Why did the Romans perceive darkness, tenebrae, as a plural count noun? [Perseus corpus-search reference]
Or perhaps the better question is: what special nuance is conveyed by the plural tenebrae which would be lost were the singular tenebra employed in its stead? The situation somehow feels different than the distinction between using singular umbra for shadow versus plural umbrae for shadows. But I could well be wrong in that.
Lewis and Short mention that using tenebrae for darkness is “stronger than obscuritas”. Is the plural use somehow more abstract or figurative?
I ask because this semantically distinctive plural use for darkness has not merely survived in rare obscurity but indeed thriven in Latin’s daughters, where this special plural sense is still alive and well. This to me suggests that for the Romans tenebrae carried a shade of meaning powerful enough to withstand millennia of diachronic evolution essentially unchanged.
For example, in French, ténèbres is a plurale tantum having no singular at all. In only slight contrast to that situation, in both Portuguese and Spanish the singular does coëxist beside the plural, but only as an occasional straggler. The plural is much more common in both languages; it somehow seems to carry a heavier weight to my mind as a Spanish speaker.
The Spanish have always been conscious of the Latin plural’s sense: in the Quijote, Cervantes famously used the motto Post tenebras spero lucem in his title pages
Portuguese has trevas, where their dictionary notes that it’s more used in the plural.

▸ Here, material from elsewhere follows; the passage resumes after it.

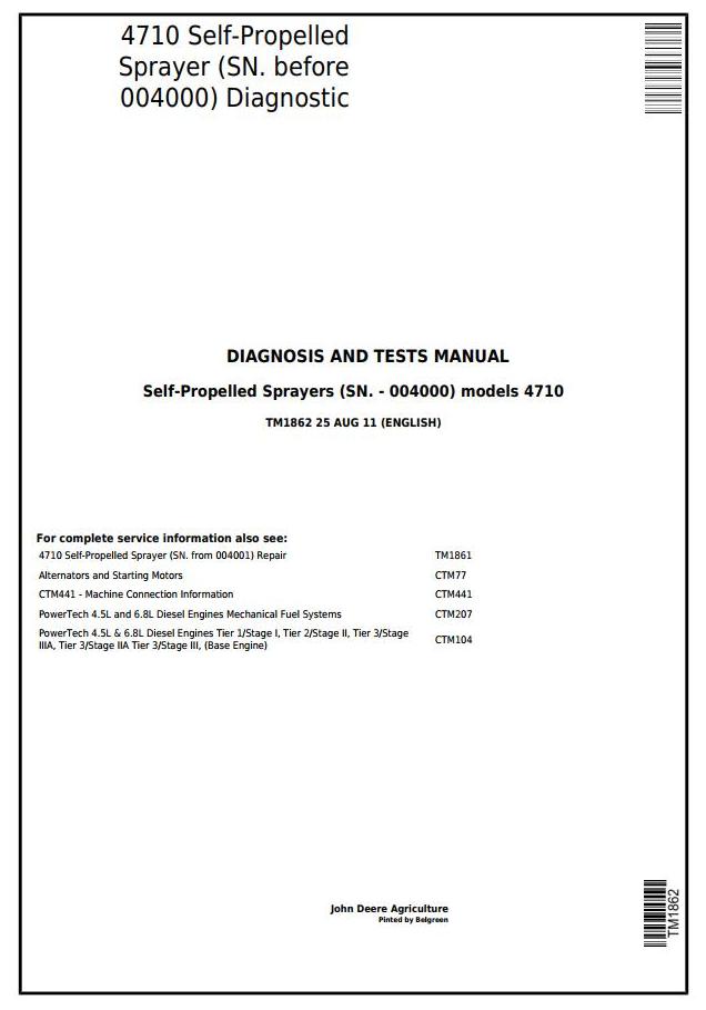 John Deere 4710 Self-Propelled Sprayer Diagnosis Test Manual TM1862

Brazilian Portuguese sometimes uses the older and less altered form tênebras in the same special way.
This same thing also happens in the Spanish descendant of tenebrae, which is tinieblas, famously occurring in the title of Pedro Almodóvar’s ground-breaking Spanish-language film, Entre Tinieblas.
Maybe the Roman Catholic Church's retention of the Latin sense for the proper noun Tenebrae (see footnote) is part a reason for the persistence of the plural, but it doesn't at all explain the origin for the stronger, abstract sense which we see in Classical Latin.
But what does?
Footnotes
The OED defines Tenebrae as:
The name given to the office of matins and lauds of the following day, usually sung in the afternoon or evening of Wednesday, Thursday, and Friday in Holy Week, at which the candles lighted at the beginning of the service are extinguished one by one after each psalm, in memory of the darkness at the time of the crucifixion. Also attributive.